Ringtones, those song snippets that announce incoming mobile phone calls, are making noise at the top of the pop charts and on the bottom line of multibillion-dollar businesses. Young cell-phone users see a chance to show off their musical taste and customise an important gadget.
Music labels and cell-phone providers see a chance to build a vibrant, piracy-proof market for songs, video clips and other mobile entertainment.
Ringtones have emerged as a promising source of revenue for music publishers and record labels still struggling to connect with a generation used to getting music for free through Internet "peer to peer" services. Ringtone sales topped four billion dollars worldwide in 2004 and 300 million dollars in the United States, according to the market research firm Consect.

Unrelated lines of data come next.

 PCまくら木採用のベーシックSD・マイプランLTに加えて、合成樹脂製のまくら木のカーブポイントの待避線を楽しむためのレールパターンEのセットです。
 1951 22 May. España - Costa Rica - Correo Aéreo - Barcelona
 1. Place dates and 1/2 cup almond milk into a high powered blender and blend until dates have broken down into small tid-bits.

While download services like's iTunes seem to have settled on a standard price of 99 cents per song, ringtone sellers can charge two to three times as much for a 15-second snippet.
"This is not a fad that will go away in the next year or so," said Thomas Hesse, president of global digital business at Sony BMG Music Entertainment.

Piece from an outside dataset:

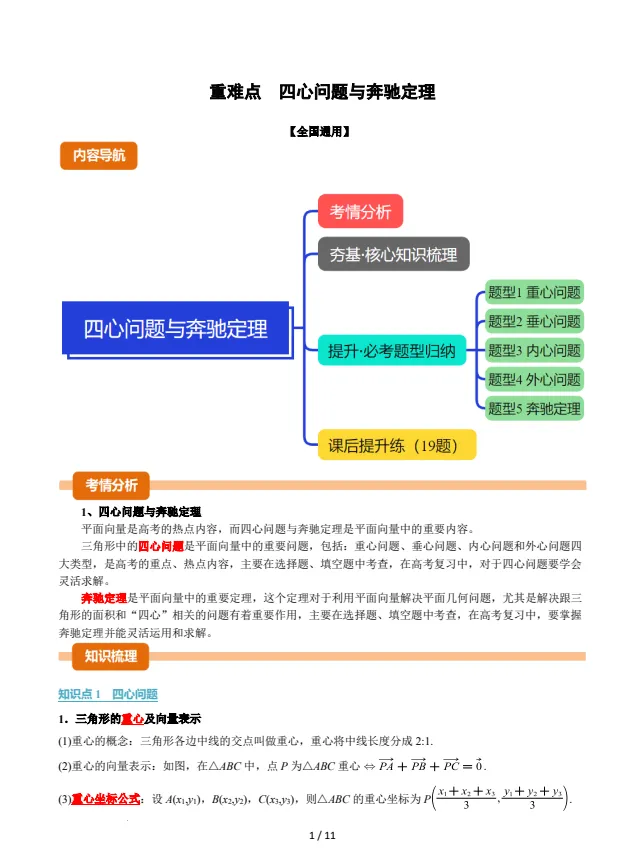 【高中】2026版高考数学《四心问题与奔驰定理5大题型》(电子版pdf)

Billboard magazine, the music industry's top trade publication, launched a sales chart for ringtones last October.
"We knew it was an area of revenue that had record companies excited, but I don't think we were really prepared for the dimension of success we were seeing," said Billboard senior analyst and charts editor Geoff Mayfield. Now the number one ringtone typically outsells the number one download, Mayfield said. Hits like "My Goodies" by R&B singer Ciara have sold over one million ringtones.

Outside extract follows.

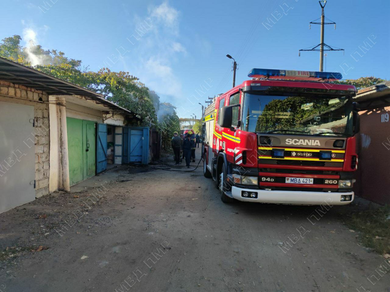 К месту происшествия прибыл пожарный расчёт. Как сообщила пресс-служба МВД ПМР, работу огнеборцев осложняла захламлённость помещения и высокая температура внутри. В гараже лежал кусок железнодорожного рельса. Металл накалился докрасна.

Ringtones are even invading the pop music charts. In Britain, a song inspired by a ringtone of a cartoon frog kept mega-sellers Oasis and Coldplay from the top singles chart spot last month.
"Crazy Frog Axel F", a remake of the 1980s synth-pop hit by Harold Faltermeyer, has boosted sales of Jamster's "Crazy Frog" ringtone as well, said an official at the company that owns the rights to both. "We've seen very compelling ways to promote the ringtone and promote the single. It's sort of a virtuous cycle," said Dan Mosher, the US head of Jamster, a ringtone seller owned by VeriSign.
Until recently, most phones could only handle synthesised arrangements of pop songs, known as "polyphonics" or single-note "monophonics" that sound like doorbell chimes.
But the technology took a big step forward last year with phones that could play actual song recordings by original artists, known as "master tones" in the industry's jargon. "Ringback tones," which play music while a call is being connected, are another new feature.
While polyphonics and monophonics only provide royalties for songwriters and song publishers, the new forms generate payments for record companies and recording artists as well. Some see even more ambitious commercial use of mobile phones in the future.
"Ultimately we believe the phone will be the player of choice for mobile music," said Sony's Hesse.
Sony BMG already makes as much money from ringtones as it does from computer-based digital downloads, and ringtone revenues at rival EMI Group only slightly trail those from song downloads.